◆ **How to complete this task**
Print exactly the lines below between the line containing "먼저 김종원 대표님(소셜프리즘)께서" and the line containing "ゲストによるトークショーが終", counting both of those lines. Leave pictures out.

::: Dataset excerpts

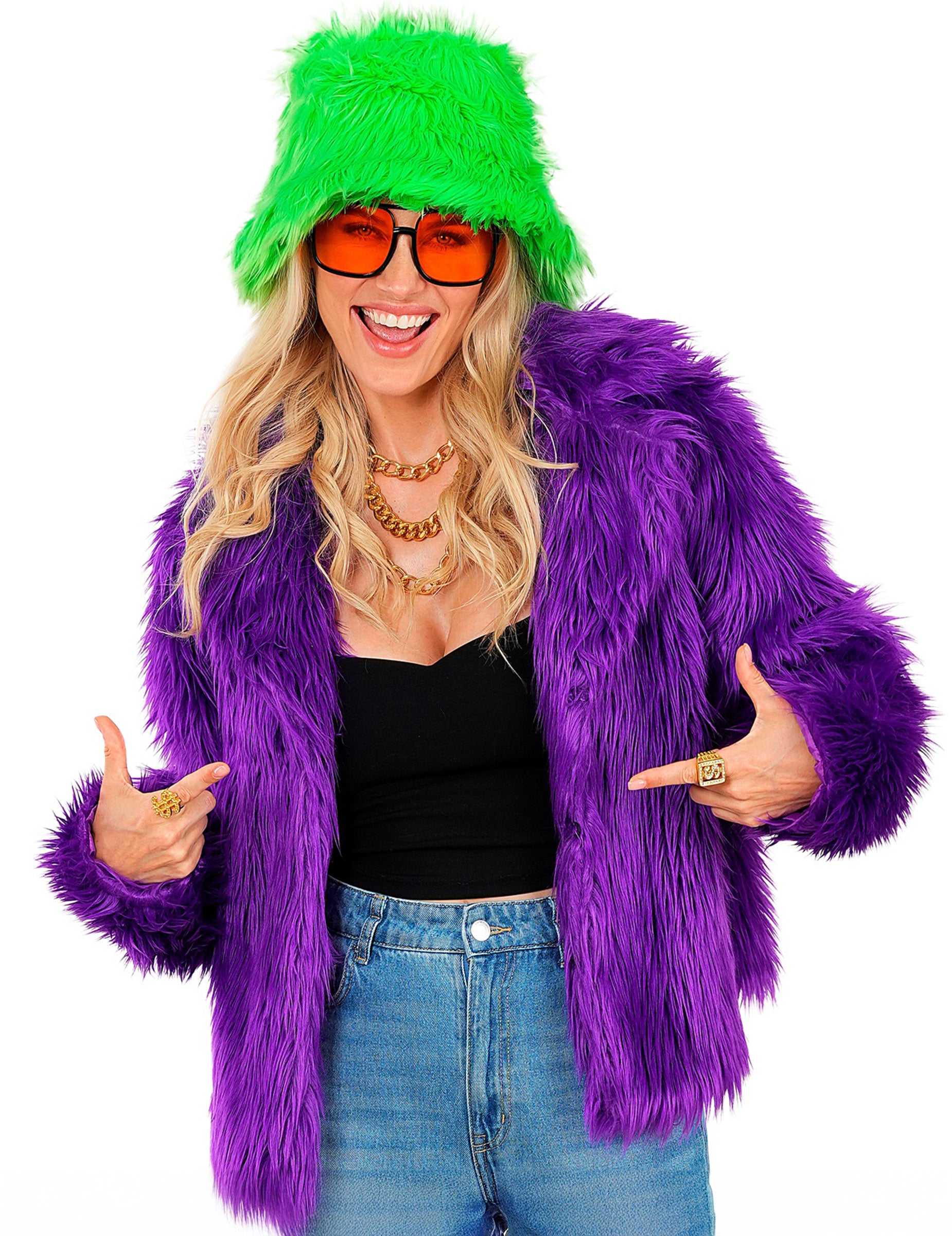 Vijoličen plašč iz umetnega krzna za odrasle je primeren za Karneval, THE Novo leto, a disko večer ali tematsko kostumsko zabavo.
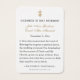 Este belo cartão de oração de casamento católico apresenta uma escritura sagrada de Marcos 10:6-9, elegantemente emoldurada com um desenho floral vintage e uma representação dos esponsais de Maria e José no topo. Serve como um lembrete precioso do sacramento do casamento, destacando a união que Deus uniu. Este cartão é ideal para casamentos católicos, proporcionando um souvenir significativo para a noiva, o noivo e seus convidados. Personalize este cartão tradicional para dar um toque único, tornando-o um memento precioso desta ocasião sagrada. Perfeito para ser incluído em programas de casamento ou como um presente de oração.
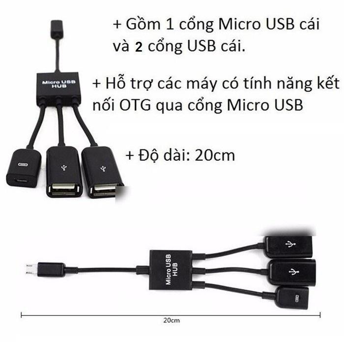 ***Lưu ý quan trọng : Micro USB HUB OTG 3 trong 1 có cổng sạc Micro USB chỉ cấp nguồn cho 2 cổng OTG nhé.
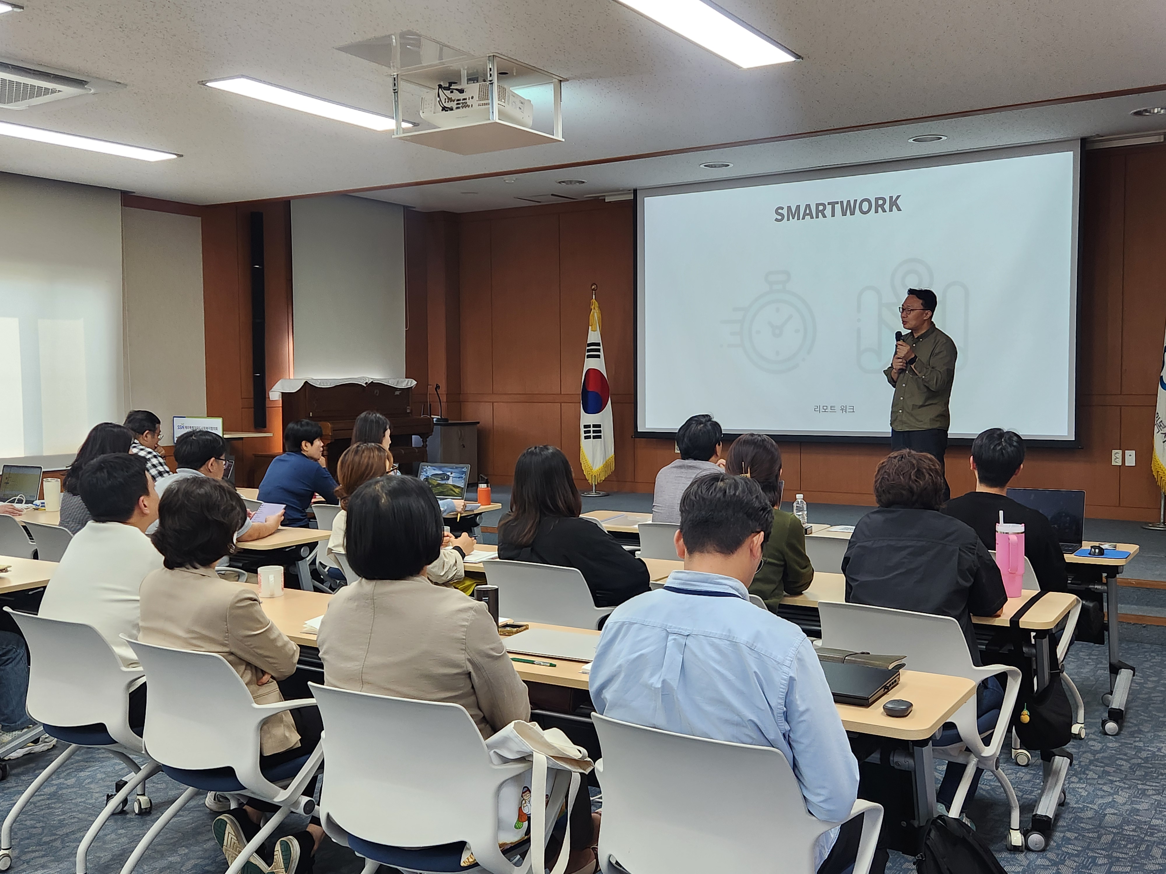 먼저 김종원 대표님(소셜프리즘)께서 '스마트 워크란 무엇인가?'를 주제로 강의를 진행해주셨고, 이후 도내 3개 종합사회복지관(아라종합사회복지관, 동제주종합사회복지관, 서귀포시서부종합사회복지관)의 활용 사례와 더불어 도외 기관들의 사례도 간략히 소개되었습니다.
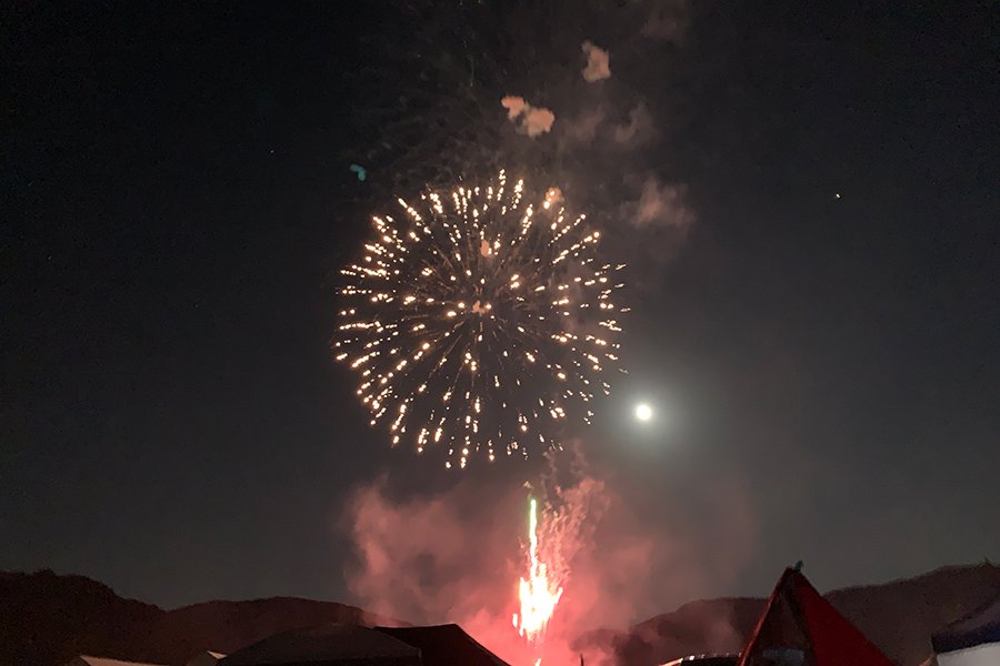 ゲストによるトークショーが終わり、チャリティーオークションが始まる前に、なんと打ち上げ花火まで。しかもブルームーンとの共演! ソーシャルディスタンスをキープしながら焚き火を囲み、冴え冴えとした満月と花火を愛でる。来てよかったとしみじみ感じました。
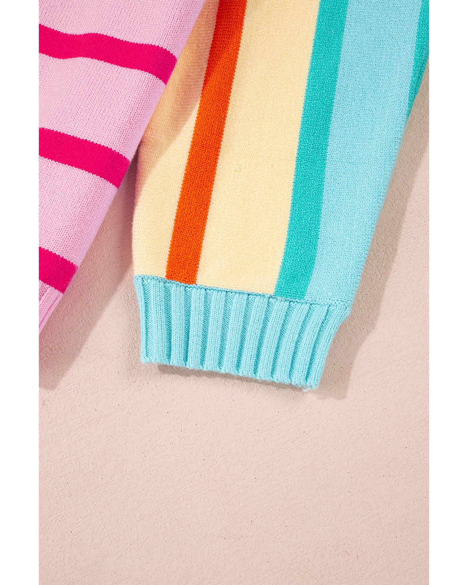 Yellow Stripe Gradient Striped Ribbed Edge Loose Sweater – M
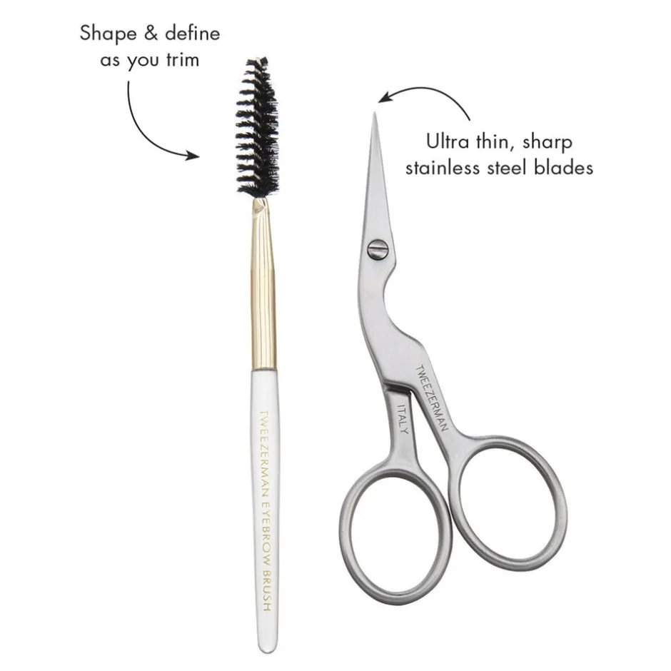 Specialfremstillet i et innovativt ergonomisk design med svungen form. De skarpe, tynde præcisionsblade griber fat om det enkelte hårstrå med stor nøjagtighed og under fuld kontrol. Spiralbørste til brynene medfølger. Rustfrit stål.
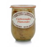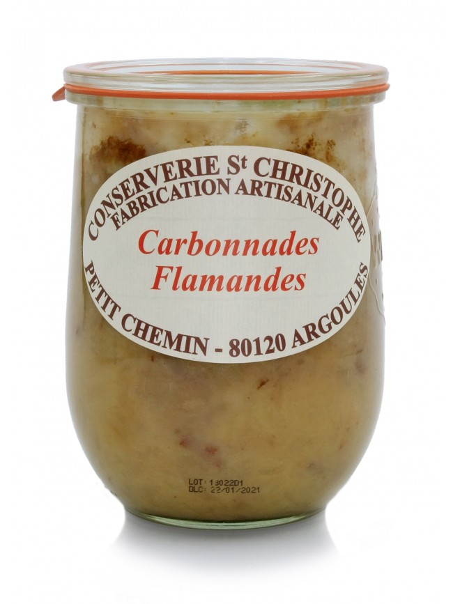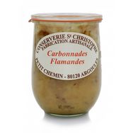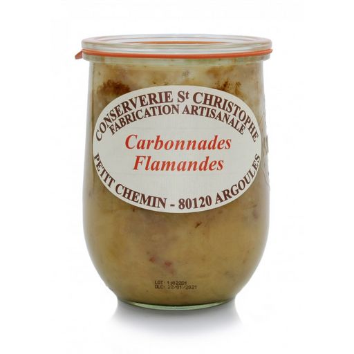 Bœuf 49%, Oignons, Bière de la Brasserie Quentovic, Cassonade, Lardon, Moutarde, Farine de BLÉ (GLUTEN), Sel, Poivre.
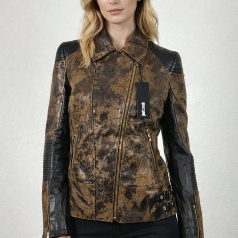 Ekstremt biker-jakke signeret Roberto Cavalli – Just Cavalli-linjen, et ikonisk plagg der perfekt forener rockkarakter og den raffinement, der kendetegner det italienske hus.

::::::

◆ **Your solution**
 먼저 김종원 대표님(소셜프리즘)께서 '스마트 워크란 무엇인가?'를 주제로 강의를 진행해주셨고, 이후 도내 3개 종합사회복지관(아라종합사회복지관, 동제주종합사회복지관, 서귀포시서부종합사회복지관)의 활용 사례와 더불어 도외 기관들의 사례도 간략히 소개되었습니다.
 ゲストによるトークショーが終わり、チャリティーオークションが始まる前に、なんと打ち上げ花火まで。しかもブルームーンとの共演! ソーシャルディスタンスをキープしながら焚き火を囲み、冴え冴えとした満月と花火を愛でる。来てよかったとしみじみ感じました。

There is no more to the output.